___ Data provided
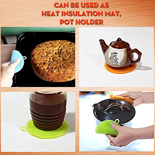 - ✔ AMAZING VALUE: Includes 6-piece silicone dish scrub with 3 colors, 6 PCs scouring pad with random colors, 3 PCs adhesive wall hooks + bonus 3 PCs orange cutter peeler & eBook (Usage Instructions). At an all-time low, introductory price.
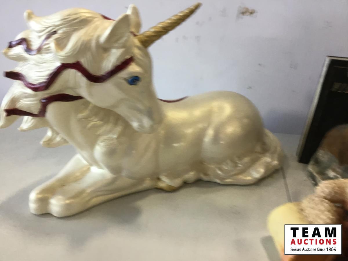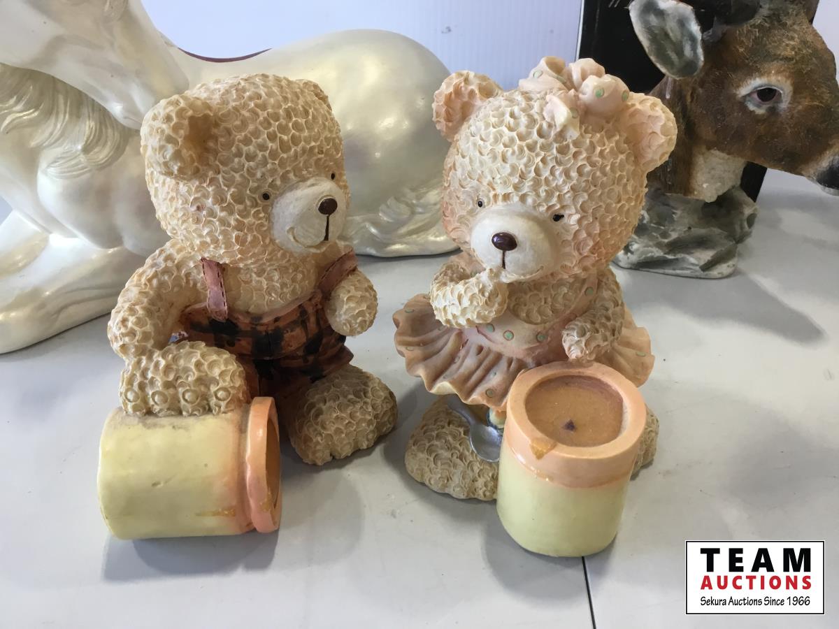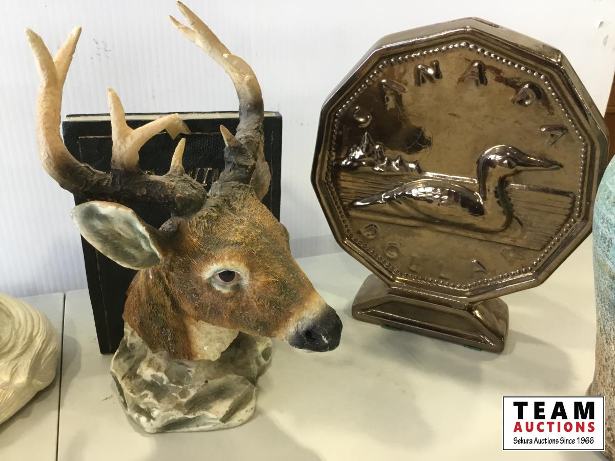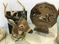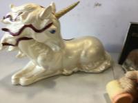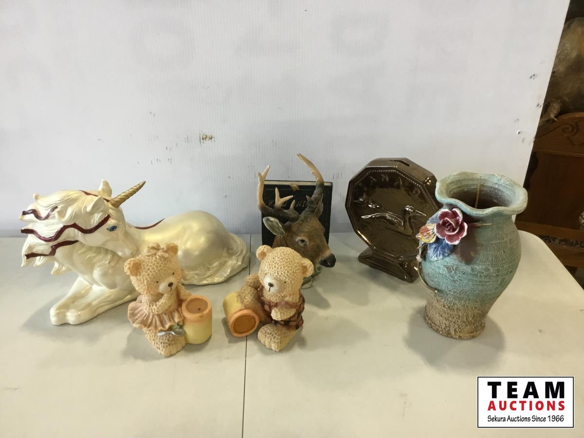 vase, bear ornaments, unicorn ornament, loonie on stand, deer head wall hanger
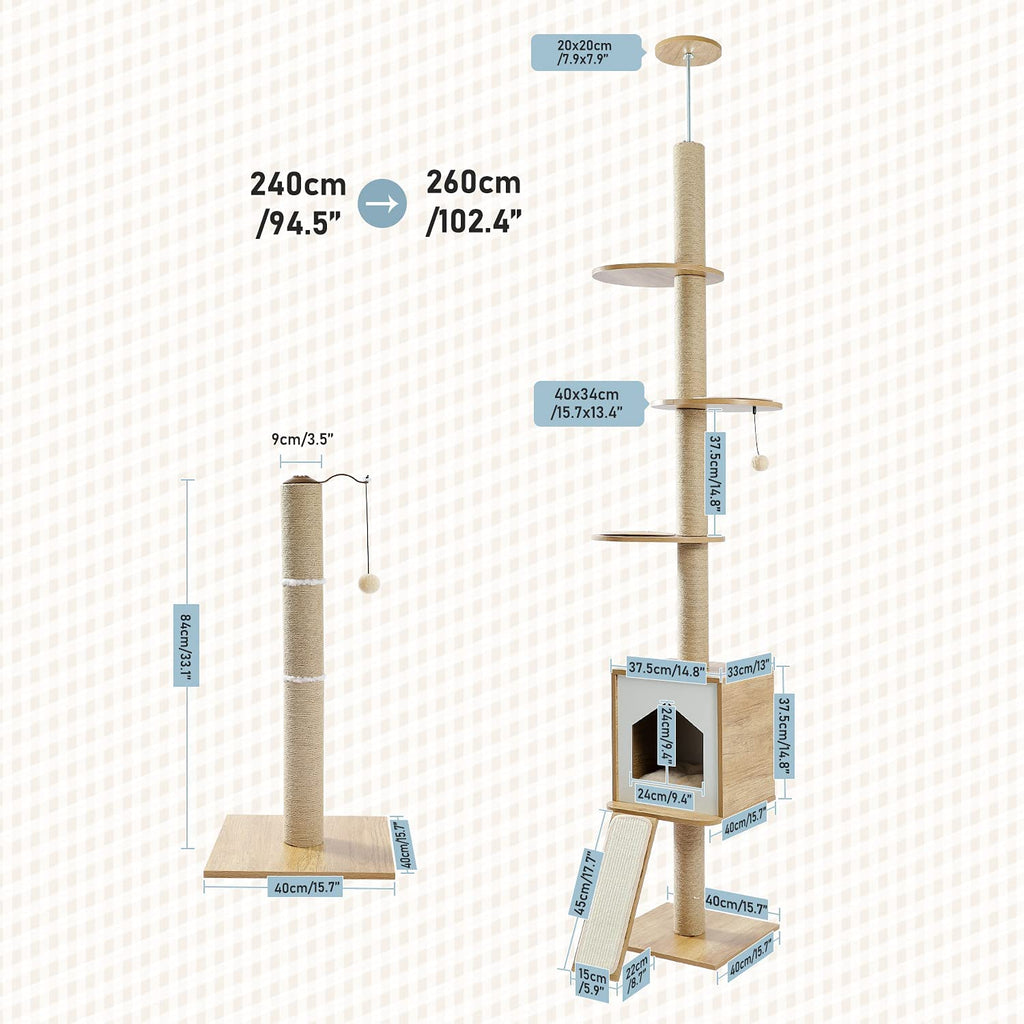Four Tier Floor-to-Ceiling Cat Tree + Scratching Post Toy- 94.5-102.4 in Modern Cat Climbing Tower with a Scratcher Beige
______
Copy the data word for word and omit every picture.

 - ✔ AMAZING VALUE: Includes 6-piece silicone dish scrub with 3 colors, 6 PCs scouring pad with random colors, 3 PCs adhesive wall hooks + bonus 3 PCs orange cutter peeler & eBook (Usage Instructions). At an all-time low, introductory price.
 vase, bear ornaments, unicorn ornament, loonie on stand, deer head wall hanger
Four Tier Floor-to-Ceiling Cat Tree + Scratching Post Toy- 94.5-102.4 in Modern Cat Climbing Tower with a Scratcher Beige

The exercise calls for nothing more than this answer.